Customer lifetime is the average duration of a customer's subscription before they churn. It is mathematically the inverse of the monthly churn rate and is the time component of LTV calculations. Extending customer lifetime — by improving retention — is one of the two primary levers for increasing LTV (the other being increasing ARPU).

formula.sh

Average Customer Lifetime (months) = 1 / Monthly Churn Rate

  • > Monthly Churn Rate — expressed as a decimal (e.g., 2% churn = 0.02)
  • > 1 / 0.02 = 50 months average customer lifetime
  • > This is a simplified model assuming constant churn rate; actual lifetime follows an exponential distribution
  • > For more precision, use actual survival curve data from cohort analysis
example
example.sh

SaaS with 3% monthly churn rate.

1 / 0.03

~33 months average customer lifetime. At $150 ARPU and 80% gross margin, LTV = $150 × 0.80 × 33 = $3,960.

why it matters

Customer lifetime is the time component that makes LTV possible. A customer who pays $100/month for 60 months is worth 5x more than one who pays $100/month for 12 months, assuming the same gross margin. Every percentage point reduction in monthly churn rate extends average lifetime and compounds through LTV.

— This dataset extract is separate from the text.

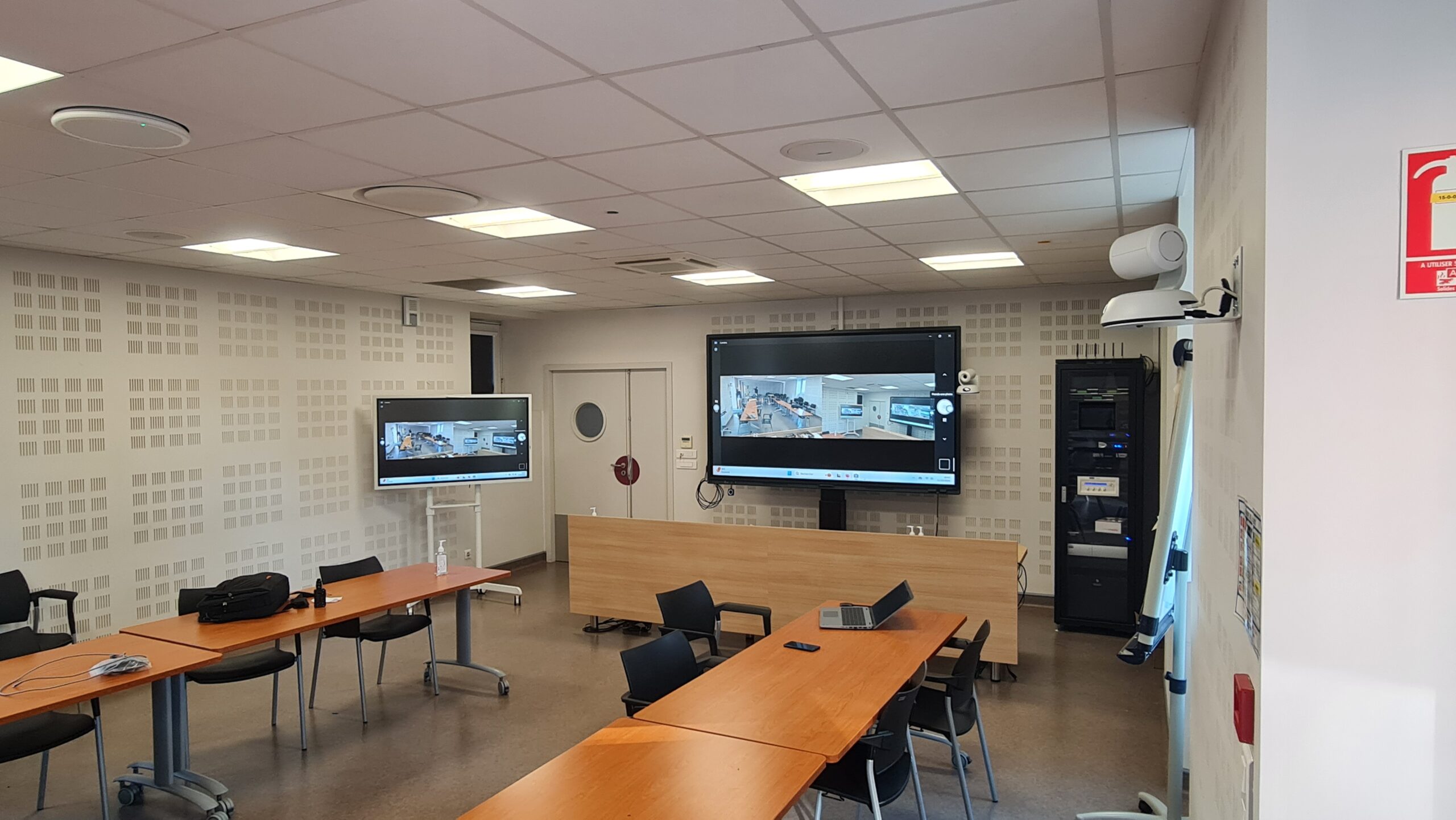 Deux caméras de visioconférence assurent une captation optimale des échanges.

The relationship between churn and lifetime is non-linear and dramatic. Reducing monthly churn from 3% to 2% extends average lifetime from 33 months to 50 months — a 52% increase in lifetime for a seemingly modest 1-point churn reduction. This is why retention investments that reduce churn by even small amounts have outsized LTV impact.

For product and success teams, customer lifetime is a more intuitive goal than LTV. "We want our average customer to stay for 4 years instead of 2 years" is more actionable than "we want to increase LTV by $2,400." The former directly implies the retention improvements needed; the latter is an outcome.

common mistakes
Using the simple formula (1/churn) for LTV calculations without checking against actual cohort survival data — real customer lifetime often differs from the mathematical model.
Applying a single average lifetime across all customer segments — enterprise customers typically have 3–5x longer lifetimes than SMB customers on the same product.
Not accounting for customer lifetime in payback period analysis — a payback period longer than average customer lifetime means most customers churn before they are ever profitable.
pro tips
Build a customer lifetime distribution, not just an average — knowing that 20% of customers stay 5+ years while 50% churn within 12 months creates very different strategic implications than a single average.
Track the median customer lifetime alongside the mean — in churn-heavy businesses, a small number of very long-tenured customers can significantly inflate the mean.
Set customer lifetime milestones (6 months, 12 months, 24 months) as retention success metrics — each milestone crossed substantially increases the probability of long-term retention.

the mrrsucks take

Average customer lifetime is a number your churn rate already told you. If you haven't calculated it, you don't know the denominator in your LTV calculation — and your entire unit economics model is built on a guess.

faq
How does customer lifetime affect LTV?+

LTV is directly proportional to customer lifetime. Double the lifetime and you double the LTV (all else equal). This is why even modest improvements in churn rate produce disproportionate LTV gains — the 1/churn relationship is multiplicative, not linear.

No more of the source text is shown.